The proposed surveillance cameras on roads will revive with the approval of the new traffic law.
The Road Safety Council (COSEVI) will analyze the issue in executive session next Tuesday.
The issue is of interest to the President of the Republic, Laura Chinchilla, who, in fact in the closure of the Road Safety Week asked about the viability of COSEVI chief, Silvia Bolaños.
The Ministry of Public Works and Transportation (MOPT) paralyzed the system in November 2011, after the Constitutional Court suspended the collection of traffic fines enforced with cameras, but only in the case of those who appealed their sentences. At the time, the fine of ¢ 468,000 was considered disproportionate.
Francisco Chacon, Minister of Communication, confirmed the intention to operate the electronic eyes on the roads. But we must wait for the new law is approved in second reading in the Sala IV.
“We believe it is a good method of monitoring that provides safety on the roads. With the approval in the first debate in the Assembly opens a way to assess this project, “said Chacon.
New locations, the manner of reporting and monitoring all routes with a high incidence of accidents, are the main changes that will discuss the COSEVI.
“What we want is to change the concept of the project, one of the intentions is to completely monitor the routes with the highest incidence in accidents, for example, Route 32 (San José-Limón).
He added that this approval of the traffic law, the picture is clearer.
The way to notify drivers that make mistakes will be different.
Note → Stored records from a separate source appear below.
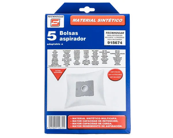 Saco aspirador sintético multimarca 5 unidades. C.O. 915674 Mod. HVC10BA14. AEG, AKASHI, ALFA, ANSONIC, ARIETE, ASTRO, BERTHEN, BLUESKY, BOMANN, BROTHERS, CARREFOUR, CLATRONIC, DAEWOO, DAMIK, DELONGHI, DIRT DEVIL, ECRON, ELECTROLUX, EUROPA, FAGOR, FAR, GLENAN, GRUNDING, JATA, KARCHER, KUNFT, LERVIA, LG, LINEA PIU, MAGIG LINE, MONIX, MX ONDA, NEVIR, NILFISK, NORM, ORBEGOZO, PHILIPS, PRINCESS, PROGRESS, PROLINE, RUSSEL HOBBS, SAIVOD, SALCO, SAMSUNG, SANYO, SELECLINE, SEVERIN, SOGO, SOLAC, TURUS, TEAM, TERMOZETA, TORNADO, TRISTAR, UFESA, WELSTAR.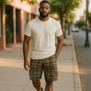 Upgrade your wardrobe with these Eddie Bauer men's shorts, size 34 in a stylish olive green and tan plaid pattern. These shorts feature heavy cargo pockets, perfect for carrying your essentials while on the go. The flat front and mid-rise add to the overall comfortable fit, while the zip closure ensures a secure fit. Crafted from high-quality cotton and woven fabric, these shorts are machine washable and easy to care for. The 11-inch inseam makes them suitable for summer, fall, and spring seasons. These cargo shorts are perfect for any occasion and are sure to become a staple in your wardrobe.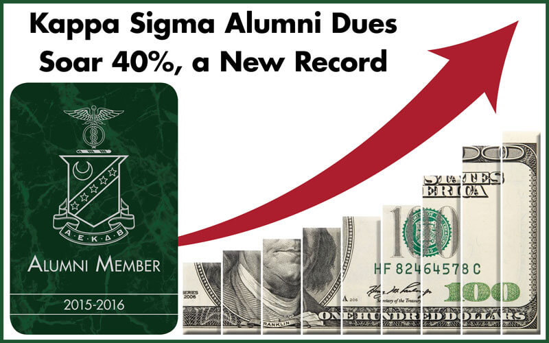 The Supreme Executive Committee and Kappa Sigma Endowment Fund announced today that 2015-16 Alumni Dues giving has increased a record 40%, topping the best year ever in Kappa Sigma history.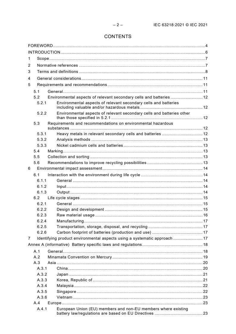 IEC 63218:2021 provides requirements and recommendations on environmental aspects of secondary lithium, nickel cadmium and nickel-metal hydride cells and batteries for portable applications (hereafter referred to as “relevant secondary cells and batteries”).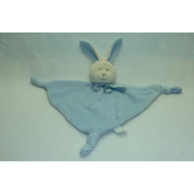 Description du doudou : Doudou plat forme triangle de 40 cm environ de longueur oreilles comprises, 3 nouages. Coloris : bleu, porte une écharpe rayée. Etat : Comme neuf. Produit original. DOUDOU DIFFICILE A TROUVER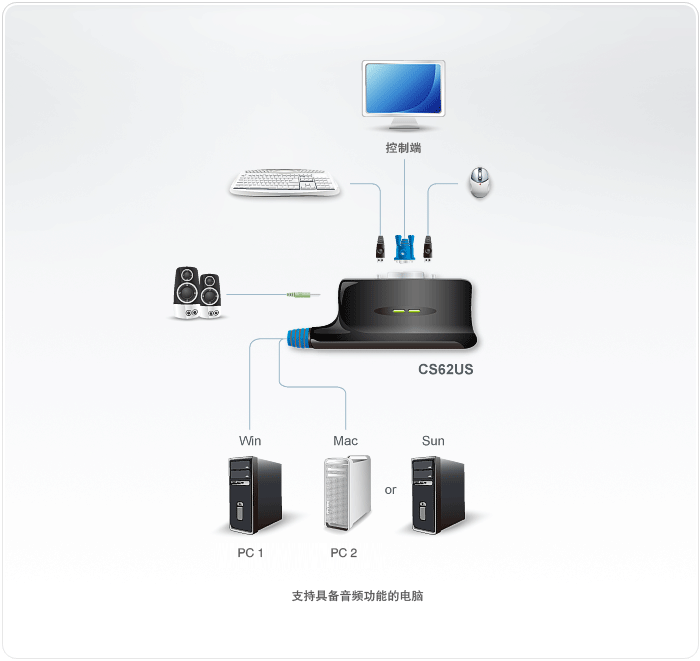 ATEN提供完整的USB KVM解决方案。CS62US可连结两台USB电脑至一台USB控制端,并兼容于所有操作系统,包括PC, Mac及Sun。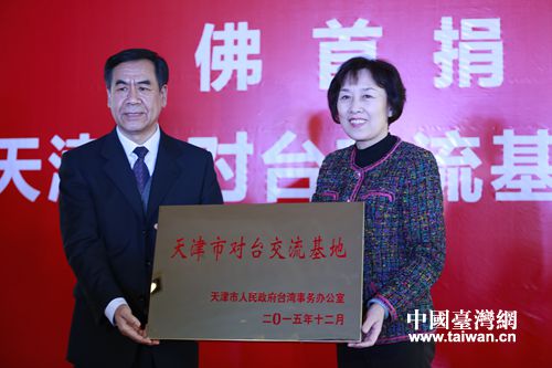 中國臺灣網12月30日天津訊 12月30日上午,佛首捐贈暨天津市對臺交流基地授牌儀式在天津市武清區博物館舉行。中國國民黨中央評議委員會主席團主席張榮恭,中國國民黨中央評議委員李建榮、葉景成,佛首捐贈人、臺商吳尚鷹等臺灣嘉賓出席此次活動。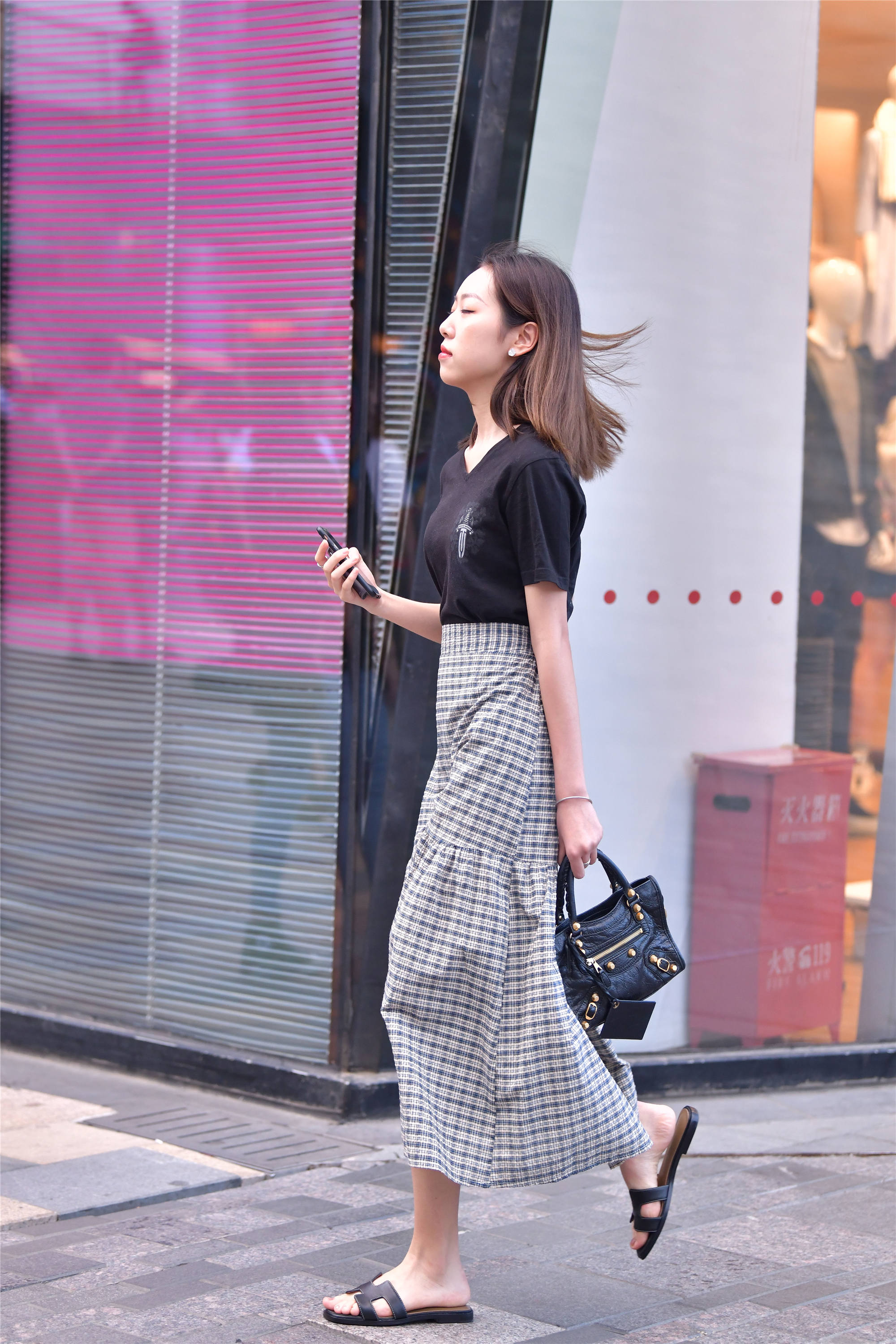 简约风格的搭配,其实不难,最难的是过得去心里的那个搭配的槛,很多人说我想穿出漂亮的效果,但是在挑选衣服的适合,会以各种理由拒绝一下服装,这款不适合自己,色彩太艳丽了什么的,那么现在看一下这位美女的搭配,色彩很素雅,一件黑色的T恤,搭配黑白色的半身长裙,高腰款式,有点灰色的效果,搭配出很精致的味道,虽然穿着一双拖鞋,依旧很美,要是穿上一双高跟单鞋,会有更好的效果。
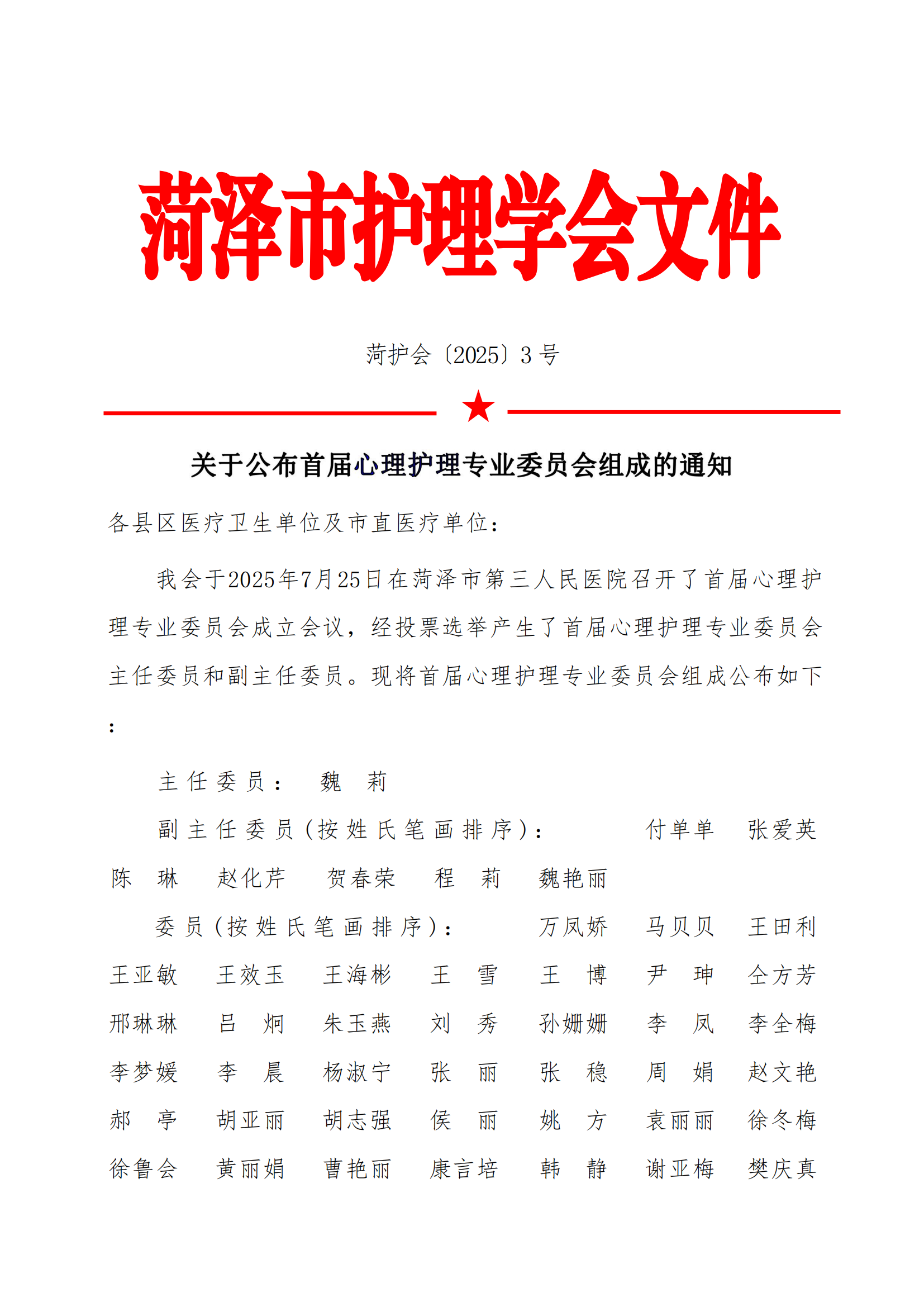 关于公布首届心理护理专业委员会组成的通知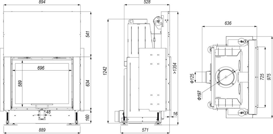 Wkład kominkowy narożny NADIA 14 prawy BS gilotyna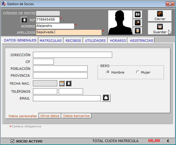 Los campos obligatorios mínimo son los que contienen el * de color rojo, es decir, los campos superiores, NIF, Nombre y Apellidos. El resto de campos es opcional.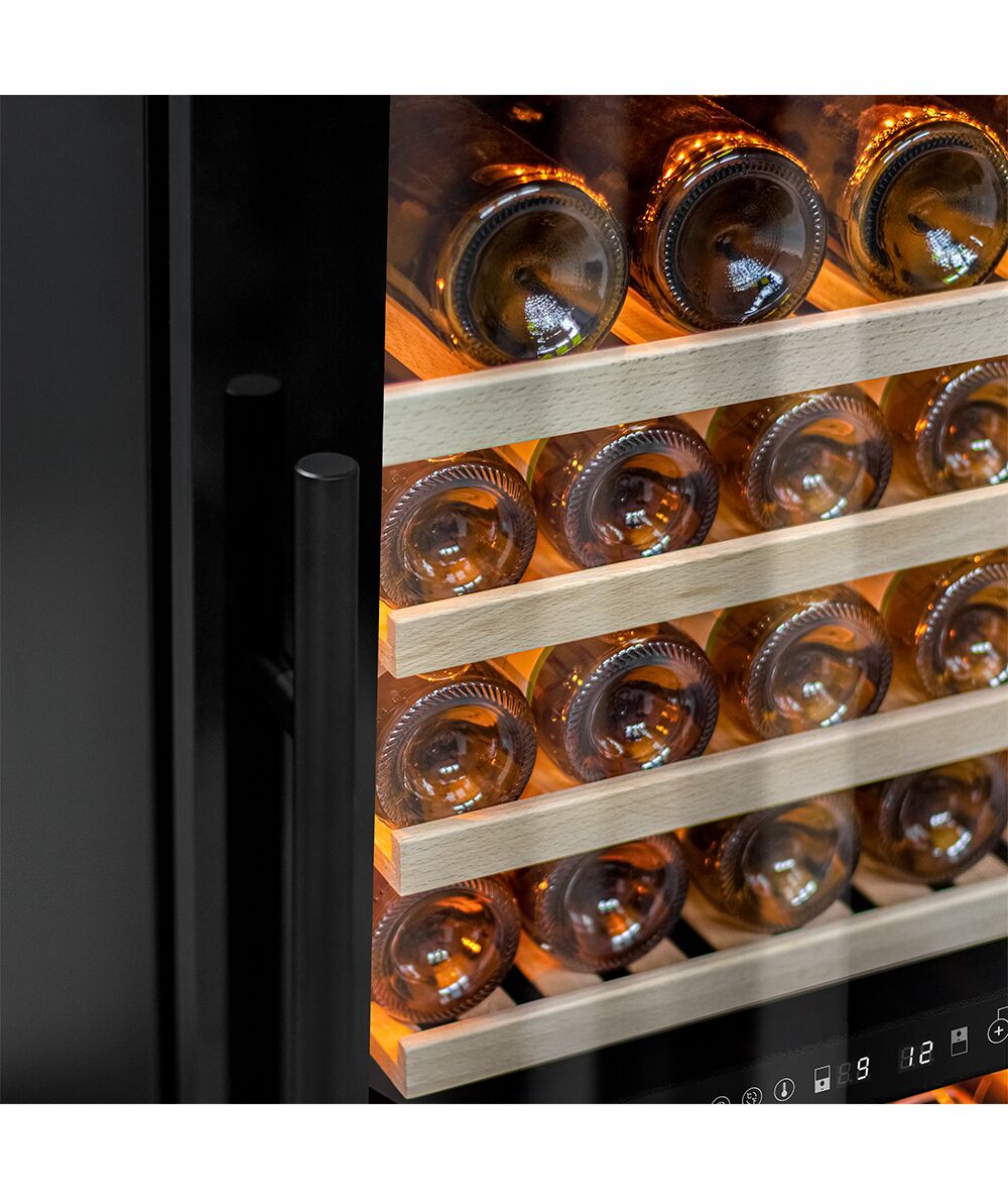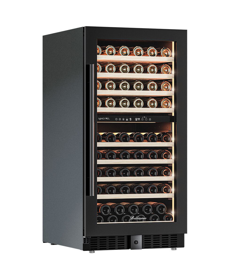 - Компрессорный винный шкаф Meyvel MV99PRO-KBT2 обладает большой вместимостью и способен разместить до 99 бутылок. Располагаются они на полках из массива бука. Внутреннее пространство шкафа разделено на 2 температурные зоны с возможностью настройки в диапазоне от + 5°C до +20°C. Холодильник поддерживает влажность в диапазоне 60-80%, как в настоящем винном погребе.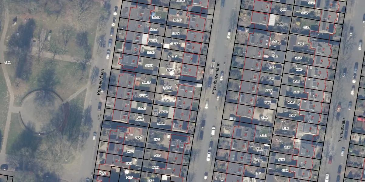 Gebruik de zoekbalk of klik op een perceel voor informatie over de adressen binnen dit perceel.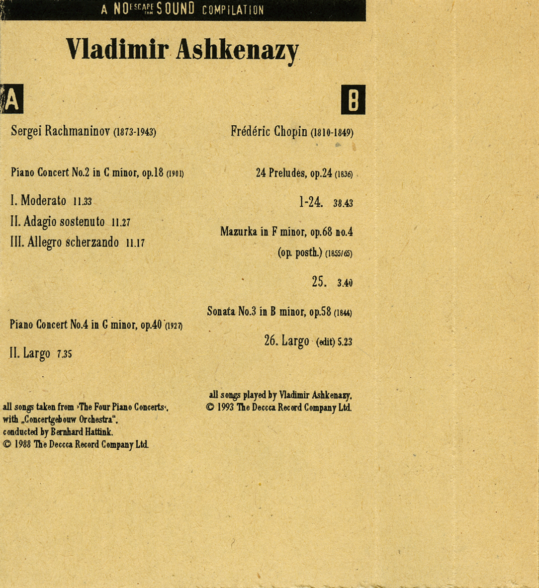 all songs taken from ›The Four Piano Concerts‹, with "Concertgebouw Orchestra",
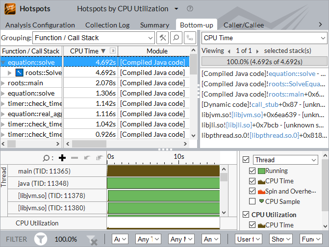 For the Hotspots analysis type in the user-mode sampling mode, the VTune Profiler may display only a part of the call stack. To view the complete stack on Windows, use the -Xcomp additional command line JDK Java VM option that enables the JIT compilation for better quality of stack walking.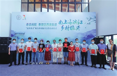 启动仪式上,西渡街道相关领导为市农科院13名挂职“农科英才”颁发证书, 同时,市农科院领导向南渡村、北新村科技示范基地授牌。未来,西渡街道与市农科院将继续加强合作,为奉贤打响“三园一总部”品牌,助力西渡街道乡村振兴注入人才“活水”。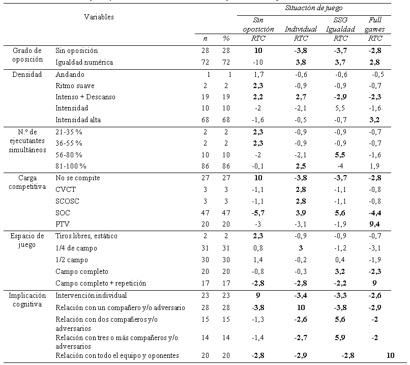 Los resultados descriptivos y los RTC de las variables cualitativas primarias de carga externa, se muestran en la tabla 2. El entrenador analizado diseña principalmente, tareas de entrenamiento de igualdad numérica (72 %). Respecto a la densidad, elabora en numerosas ocasiones tareas de intensidad alta (68 %), y las tareas andando (1 %) son escasas.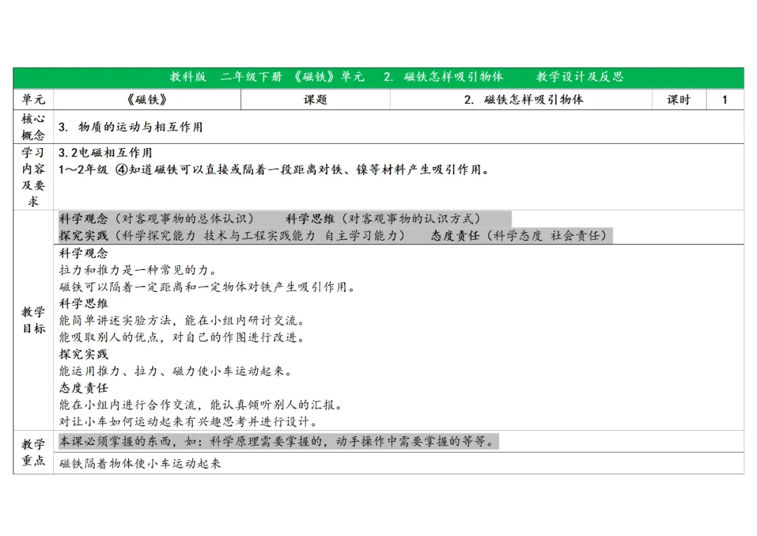 教科版科学二年级下册核心素养教案+课件PPT(2026春)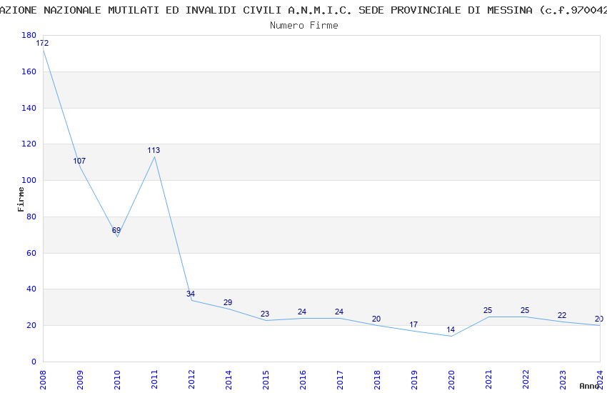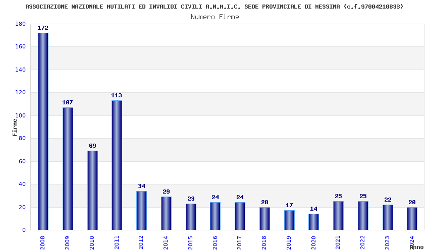 | Anno | Firme | Importi | Media | Naz. | Reg. | Prov. | Comu. |

In the previous model, the way the drivers found out was through a publication in a national newspaper, and now will be by email.
The Traffic Police welcomes the intention of resuming the system. “In the months that was implemented, the numbers regarding illegal racing and accidents down. This indicates its importance in prevention and safety, not so much economically, “said Diego Herrera, director of the Transit Police.